PRATIAPRATI: Ninguno, La infelicidad es la prime ra condición de la vida.

GOFA            ¿Y por qué Amor creó la vida, y la infelicidad con ella?

PRATIAPRATI :  Porque Amor no fue libre. Como del Sol brotan los rayos, como el agua mana de la fuente, así de Amor brotó, y manó la vida. Sólo movido de compasión sublime, en virtud de un esfuerzo superior a lo humano y a lo divino, recogiéndose en sí con abstracción portentosa, logrará Amor recoger también en sí la vida y darle quietud eterna».

Y sobre todo -como vos misma dijisteis- qué conocimientos filosóficos… En un par de páginas Valera repasa y sintetiza todos los sistemas en su relación con Dios.
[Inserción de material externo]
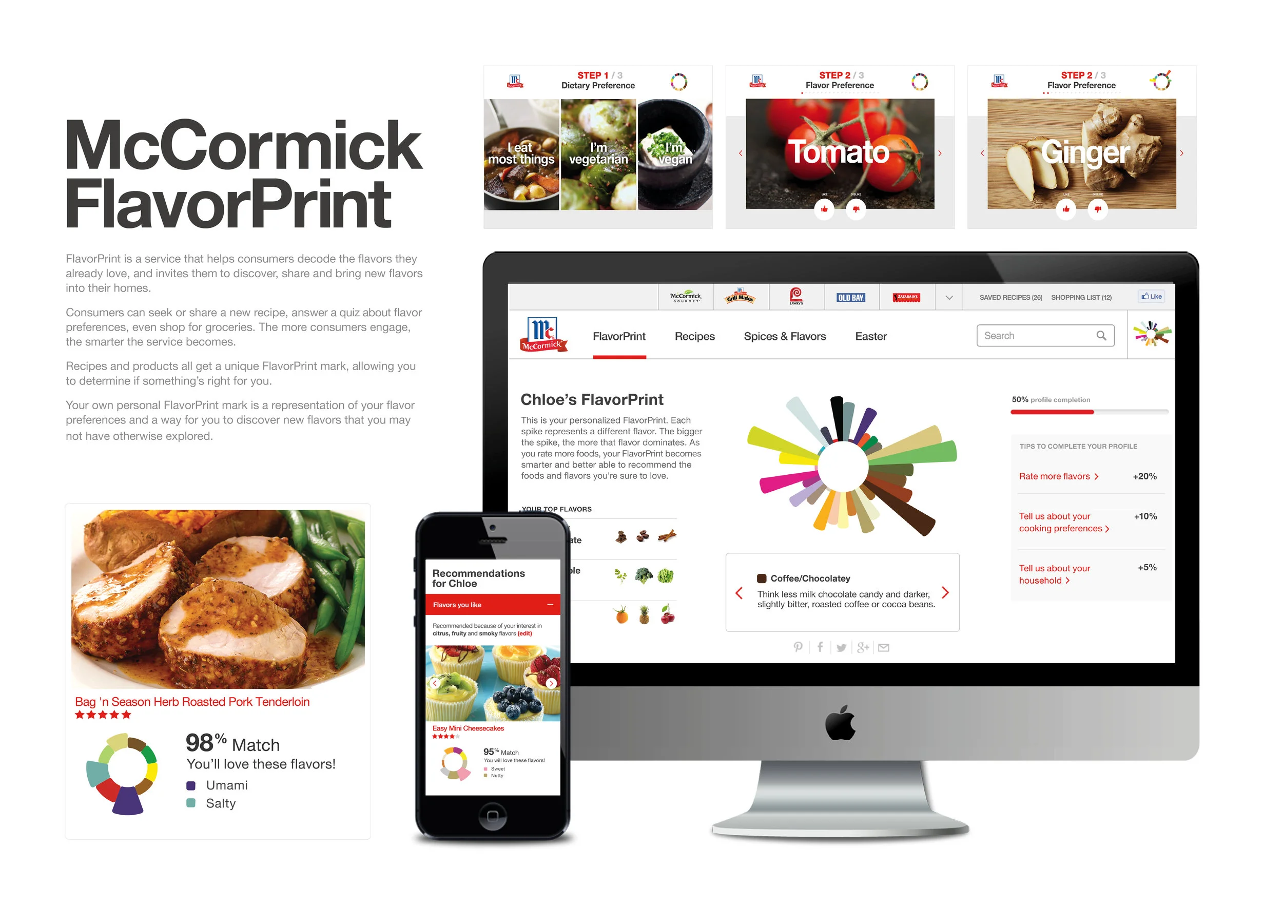 McCormick's mission is to save the world from boring food. With that in mind, we created a platform that translated one's palate into a visual symbol representing flavor called a FlavorPrint. With FlavorPrint, consumers could not only find the recipes they love but discover the ones they were about to.

Y habla de la religión del porvenir. Una religión en la que los sabios formarán cofradía aparte y dirigente. Vos, Alteza, hablabais de una Dualidad, interior y exterior, que vive en el hombre y que condiciona el existir. Y defendéis la influencia tremenda de la ciencia en el devenir histórico: «Nuestros modernos hombres de ciencia, — muchos de ellos sin darse cuenta- han descubierto la verdad de la Fuerza Invisible que miles de años antes ya habían enseñado los magos, los profetas, y el Mesías. La era nuclear nos enseñará -incluso- un nuevo sentido de la propiedad y ninguna filosofía o creencia podrá mantenerse en pie si siguen enseñando la división del hombre por colores, razas o religiones».
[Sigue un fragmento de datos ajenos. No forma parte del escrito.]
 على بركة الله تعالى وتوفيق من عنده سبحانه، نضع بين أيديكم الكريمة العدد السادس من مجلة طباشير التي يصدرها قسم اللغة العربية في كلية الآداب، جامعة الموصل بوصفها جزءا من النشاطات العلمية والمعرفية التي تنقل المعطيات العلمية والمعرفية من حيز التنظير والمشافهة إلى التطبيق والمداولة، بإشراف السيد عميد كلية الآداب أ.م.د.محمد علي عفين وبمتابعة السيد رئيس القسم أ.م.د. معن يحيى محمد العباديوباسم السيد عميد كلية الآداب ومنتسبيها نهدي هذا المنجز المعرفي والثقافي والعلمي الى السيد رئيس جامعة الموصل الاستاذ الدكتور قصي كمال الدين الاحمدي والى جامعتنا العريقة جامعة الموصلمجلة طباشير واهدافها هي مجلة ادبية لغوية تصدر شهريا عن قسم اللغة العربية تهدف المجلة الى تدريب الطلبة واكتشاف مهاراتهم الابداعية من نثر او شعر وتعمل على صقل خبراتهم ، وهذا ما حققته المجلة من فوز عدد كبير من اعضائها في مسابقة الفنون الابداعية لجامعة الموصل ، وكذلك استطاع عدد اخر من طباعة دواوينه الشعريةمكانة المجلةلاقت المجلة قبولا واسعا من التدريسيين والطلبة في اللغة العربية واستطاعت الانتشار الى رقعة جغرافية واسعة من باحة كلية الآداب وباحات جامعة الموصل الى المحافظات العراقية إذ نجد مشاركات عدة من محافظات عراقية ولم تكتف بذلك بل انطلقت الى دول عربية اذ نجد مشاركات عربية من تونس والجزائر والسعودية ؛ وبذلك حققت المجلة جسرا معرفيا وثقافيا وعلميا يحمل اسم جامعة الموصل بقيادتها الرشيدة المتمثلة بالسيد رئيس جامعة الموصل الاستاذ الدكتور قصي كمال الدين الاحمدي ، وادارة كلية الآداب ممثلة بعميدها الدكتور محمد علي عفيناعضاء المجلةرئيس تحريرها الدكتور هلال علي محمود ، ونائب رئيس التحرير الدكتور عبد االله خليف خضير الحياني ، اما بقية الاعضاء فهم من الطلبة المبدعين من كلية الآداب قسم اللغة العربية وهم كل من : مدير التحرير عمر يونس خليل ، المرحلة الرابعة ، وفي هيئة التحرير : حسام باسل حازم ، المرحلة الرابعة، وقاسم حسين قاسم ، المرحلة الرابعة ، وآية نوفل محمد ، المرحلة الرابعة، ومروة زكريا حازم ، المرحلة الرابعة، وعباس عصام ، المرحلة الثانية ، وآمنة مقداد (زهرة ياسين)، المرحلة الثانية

En fin, Alteza, hablemos de mi «tentativa dramática». ¿Por qué una obra de teatro sobre Valera y no un estudio crítico de su obra…? Estoy seguro que os habéis de hacer esta pregunta en cuanto caiga en vuestras manos mi trabajo… Y, sin embargo, nada más claro. «La flor más bella de toda la literatura -al decir del propio Valera-, el último y más espléndido brote del árbol del arte es el teatro. En él la poesía vuelve a ser objetiva por reflexión, como en la epopeya lo fue por instinto. En él caben todos los géneros -el lírico, el didáctico, el satírico y el narrativo-… aunque la acción prevalece y da ser a todo. El autor oculta su personalidad y hace hablar a sus personajes…» Pero, es que además en Valera concurren dos circunstancias especiales: una vida azarosa y una personalidad fuera de lo normal. Es decir, acción y carácter, vida y problema… Valera es escritor, pero antes es hombre. Y hombre de reacciones típicamente humanas: incontrolables, a veces disparatadas, y casi siempre imprevistas.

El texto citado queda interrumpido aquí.